Step 1: Verify HWM Configuration#

First, confirm HWMs are set correctly.

Check Current HWM Values:
Use getsockopt to verify settings:

print("PUB SNDHWM:", pub_socket.getsockopt(zmq.SNDHWM))  
print("SUB RCVHWM:", sub_socket.getsockopt(zmq.RCVHWM))  

Common Mistakes:

  • Forgetting to set SNDHWM on the PUB socket (using default 1000, which may not fill under light load).
  • Setting RCVHWM on the SUB socket but not SNDHWM on the PUB (HWM drops happen on the sender side for PUB).

Step 2: Check Socket Types and Topology#

Ensure you’re using a socket type that drops messages when HWM is hit.

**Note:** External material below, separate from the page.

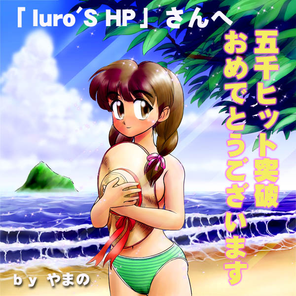 「ゆーろ君のHP」が5000HIT突破したので送らせて頂きました _(._.)_ 夏らしく水着です・・・ ちとお尻が大きかったかの〜?三つ編みもこの長さでは意味無しか (T_T)。 残念ながらJavaには対応しておりません (^_^;)>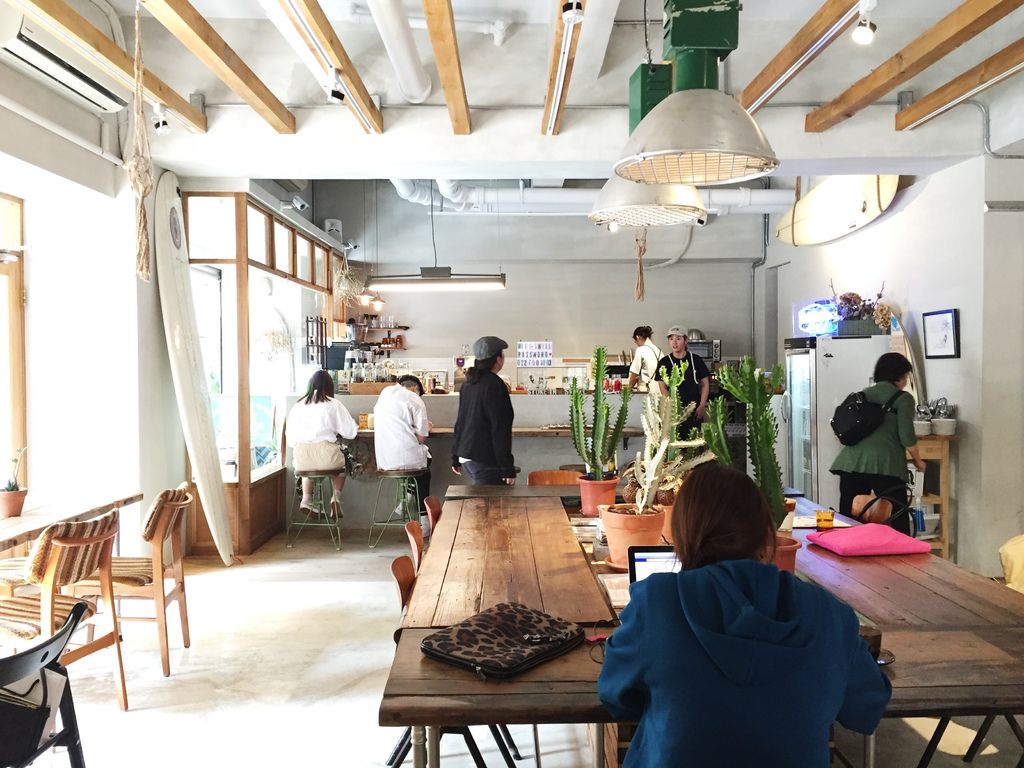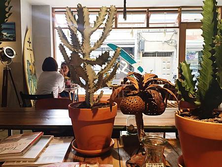 店內裝潢除了有衝浪板外,還有許多棵仙人掌,非常有異國情調 。

  • Use PUB for Sending: PUB is lossy and drops messages at SNDHWM. Avoid PUSH with PULL if you need drops (though PUSH also drops, it’s for pipeline patterns).
  • Avoid Reliable Sockets: REQ/REP or DEALER/ROUTER block senders, so HWM won’t drop messages—they’ll hang the sender instead.

Step 3: Analyze Message Flow and Backpressure#

HWM only triggers if the receiver is slow enough to cause backpressure.

Simulate a Slow Subscriber:
Add a delay in the subscriber’s message processing loop to create backpressure:

while True:  
    msg = sub_socket.recv()  
    time.sleep(0.1)  # Slow down processing  

Monitor Buffer Fill:
Use zmq_socket_monitor to track socket events (e.g., ZMQ_EVENT_SND_HWM when SNDHWM is hit):

pub_socket.monitor("inproc://monitor", zmq.EVENT_ALL)  
monitor_socket = context.socket(zmq.PAIR)  
monitor_socket.connect("inproc://monitor")  
 
while True:  
    event = monitor_socket.recv_multipart()  
    if event[0] == zmq.EVENT_SND_HWM:  
        print("SNDHWM hit! Messages dropping.")  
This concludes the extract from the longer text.